Mais d’après ce que l’on peut retirer du problème italien, il semble que plus rien ne soit possible une fois la bactérie installée…

C’est absolument faux. Les traitements curatifs existent. Si la situation en est arrivée là dans la région des Pouilles, c’est parce que les italiens ont complètement ignoré le sujet jusqu’à une sorte de point de non retour pour les arbres. En cas d’épidémie qui verrait le jour en France, alors que nous sommes prévenus, il paraît inconcevable d’imaginer qu’on ne réagirait pas en employant des moyens déjà bien étudiés par les agronomes,  qui ont fait leur preuves et dont la plupart sont utilisables y compris en agriculture biologique.

Ces moyens de lutte contre la bactérie, quels sont-ils ?

Les chercheurs brésiliens étudient en ce moment le recours à la N-Acétylcystéine (NAC), un acide aminé naturellement présent dans les organismes animaux et humains. C’est une molécule qui se dégrade très simplement dans le milieu naturel et qui, utilisée à dose infime, permet de freiner très efficacement les effets de la bactérie. Mais il y a aussi et avant tout les huiles essentielles comme le géraniol ou le thymol que l’on peut administrer sur les feuilles ou à l’arrosage. En quelques jours, la bactérie est tuée. Les huiles essentielles fonctionnent et sont étudiées depuis longtemps aux Etats-Unis mais ici c’est interdit. Il ne faut même pas en parler.

Pourquoi ce tabou à propos des huiles essentielles ?
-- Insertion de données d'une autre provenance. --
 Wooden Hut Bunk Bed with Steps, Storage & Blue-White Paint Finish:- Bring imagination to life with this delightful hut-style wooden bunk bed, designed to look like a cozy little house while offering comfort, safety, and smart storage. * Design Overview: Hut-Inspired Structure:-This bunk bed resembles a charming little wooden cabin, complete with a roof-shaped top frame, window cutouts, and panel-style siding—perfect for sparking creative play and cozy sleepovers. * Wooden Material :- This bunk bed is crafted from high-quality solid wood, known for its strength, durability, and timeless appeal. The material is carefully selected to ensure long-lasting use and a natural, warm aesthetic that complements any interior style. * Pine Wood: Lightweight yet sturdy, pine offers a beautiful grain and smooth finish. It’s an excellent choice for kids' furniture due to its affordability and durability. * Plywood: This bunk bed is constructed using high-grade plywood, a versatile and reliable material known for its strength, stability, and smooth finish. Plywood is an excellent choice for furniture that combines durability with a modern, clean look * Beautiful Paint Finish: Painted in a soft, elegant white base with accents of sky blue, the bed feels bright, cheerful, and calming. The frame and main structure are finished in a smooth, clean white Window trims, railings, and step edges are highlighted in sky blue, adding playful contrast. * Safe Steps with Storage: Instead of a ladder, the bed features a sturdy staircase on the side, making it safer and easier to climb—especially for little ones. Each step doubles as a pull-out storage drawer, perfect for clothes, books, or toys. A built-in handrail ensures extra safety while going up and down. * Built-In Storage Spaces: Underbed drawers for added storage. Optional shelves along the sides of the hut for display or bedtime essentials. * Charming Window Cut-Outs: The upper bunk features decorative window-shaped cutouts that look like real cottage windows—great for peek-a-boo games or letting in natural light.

Il y a une pression évidente sur les pouvoirs publics de la part de l’industrie chimique, qui est d’ailleurs en train de devenir complètement anachronique. Car ces mêmes industriels, réalisant que les systèmes qu’ils ont inventés ne tiennent plus, investissent très massivement dans l’agriculture biologique, cultivant des surfaces immenses dans les pays en voie de développement et rachetant autant de brevets que possible dans le secteur : ils ont eux-mêmes entamé leur reconversion de leur côté. Tout en continuant de peser chez nous pour le maintien de stratégies vouées à l’échec.


 Aller plus loin

Une bactérie tout terrain

la cicadelle vecteur de la maladieVéhiculée par les insectes dits piqueurs-suceurs, tels les cicadelles, les cercopes et parfois les cigales, xylella fastidiosa s’attaque principalement aux végétaux capables de produire du bois. Une fois introduite, elle obstrue les canaux où circule la sève, provoquant le flétrissement de la plante. De très nombreuses espèces d’arbres et d’arbustes, sauvages ou cultivés, sont concernées.

L’autre vecteur de transmission est l’homme, par le transport de plants infectés. On pense que la bactérie est arrivée en Europe sur des caféiers importés d’Amérique latine.
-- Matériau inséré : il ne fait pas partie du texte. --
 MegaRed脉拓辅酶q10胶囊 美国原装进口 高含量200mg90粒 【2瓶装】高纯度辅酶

135 ans à affoler les champs

Les épidémies dues à xylella fastidiosa racontent une histoire assez récente, difficilement dissociable de celle de la monoculture intensive.

Au début des années 1880, un mal encore inconnu commence à s’emparer du vignoble californien. Décrite en 1892 par un pionnier de la phytopathologie, Newton Pierce, elle va ensuite se faire oublier pendant quarante ans, puis réapparaître par vagues jusqu’en Amérique centrale.

Parallèlement des épidémies similaires vont toucher d’autres espèces : amandiers ou pêchers dans d’autres Etats, orangers au Brésil… Si le lien est clairement établi dans les années 70 avec la maladie de Pierce, ce n’est qu’en 1987 que xylella fastidiosa sera formellement identifiée.

La première implantation de la bactérie hors Amériques se fera sur les poiriers taïwanais en 2002 avant de toucher les oliviers des Pouilles en 2013. Les Italiens appellent la maladie qu’elle provoque le CoDiRO (Complexe de dessèchement rapide de l’olivier).